■ **The task**
Copy the data exactly. Images are to be left out.

■ **Supplied material**
----------

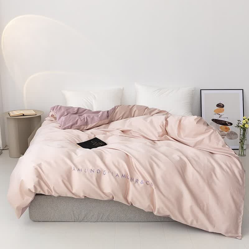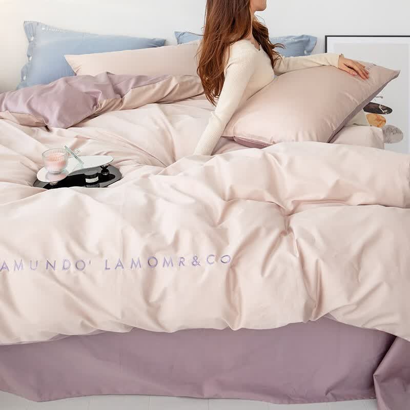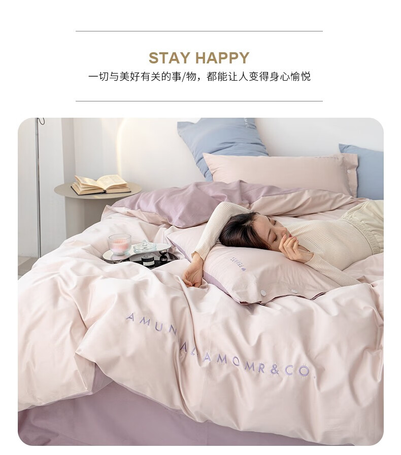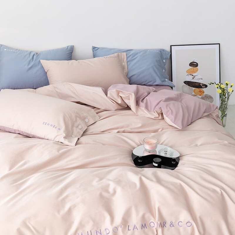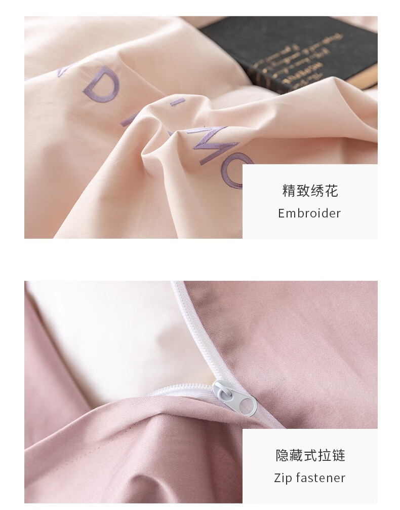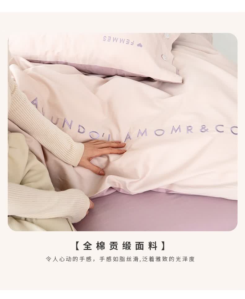 金丝莉(KINTHERI)100支全棉贡缎绣花四件套 轻奢-粉 被套200x230cm
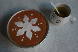 用筛网均匀筛上可可粉,也可再加糖粉装饰。美丽的提拉米苏就做好喽!
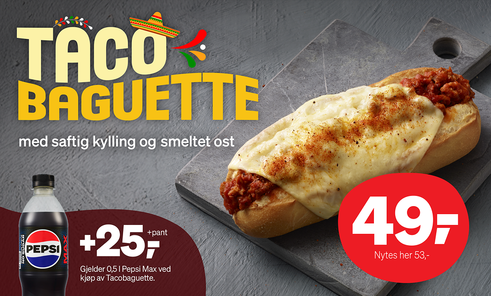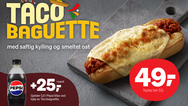 Nytt år betyr nye muligheter og en rykende fersk nyhet på våre stasjoner! Tacobaguette med saftig kylling og smeltet ost. Perfekt til frokost, lunsj eller om du trenger påfyll langs veien! I tillegg får du en 0,5 l Pepsi Max til kun 25 kr + pant ved kjøp av Tacobaguette.
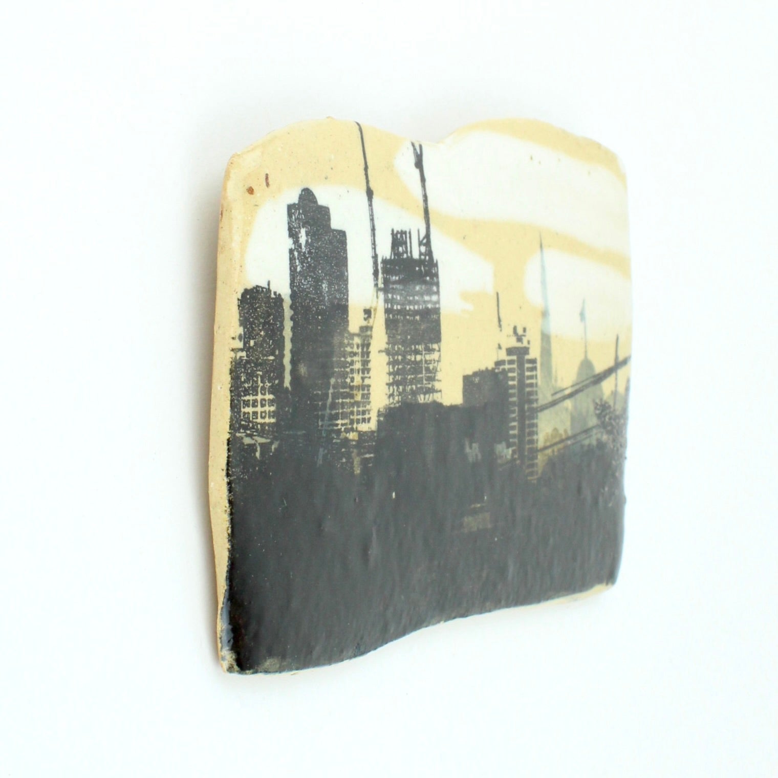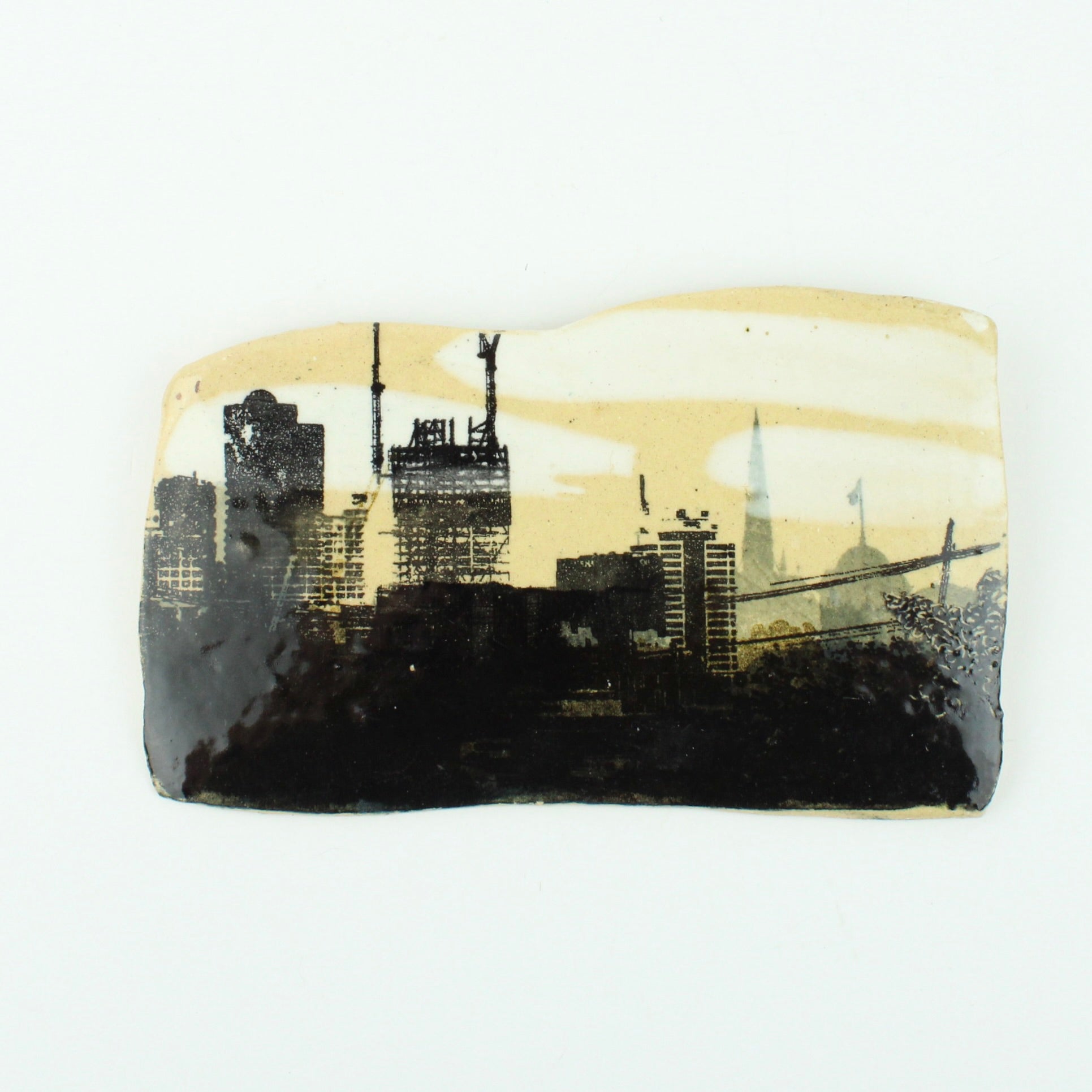 Kate McLean's collection of photographic and drawn ceramic forms create a dynamic tension between the organic nature of clay and the graphic systems layered upon it. Kate’s work invites viewers to consider how memory, place, and visual language imprint themselves onto the material world. In these clustered pieces, the traces of human gesture, printed image, and earthy form coexist, offering a quiet but compelling meditation on how we read, carry, and reinterpret the marks of everyday life.

----------

■ **Exercise result**
 金丝莉(KINTHERI)100支全棉贡缎绣花四件套 轻奢-粉 被套200x230cm
 用筛网均匀筛上可可粉,也可再加糖粉装饰。美丽的提拉米苏就做好喽!
 Nytt år betyr nye muligheter og en rykende fersk nyhet på våre stasjoner! Tacobaguette med saftig kylling og smeltet ost. Perfekt til frokost, lunsj eller om du trenger påfyll langs veien! I tillegg får du en 0,5 l Pepsi Max til kun 25 kr + pant ved kjøp av Tacobaguette.
 Kate McLean's collection of photographic and drawn ceramic forms create a dynamic tension between the organic nature of clay and the graphic systems layered upon it. Kate’s work invites viewers to consider how memory, place, and visual language imprint themselves onto the material world. In these clustered pieces, the traces of human gesture, printed image, and earthy form coexist, offering a quiet but compelling meditation on how we read, carry, and reinterpret the marks of everyday life.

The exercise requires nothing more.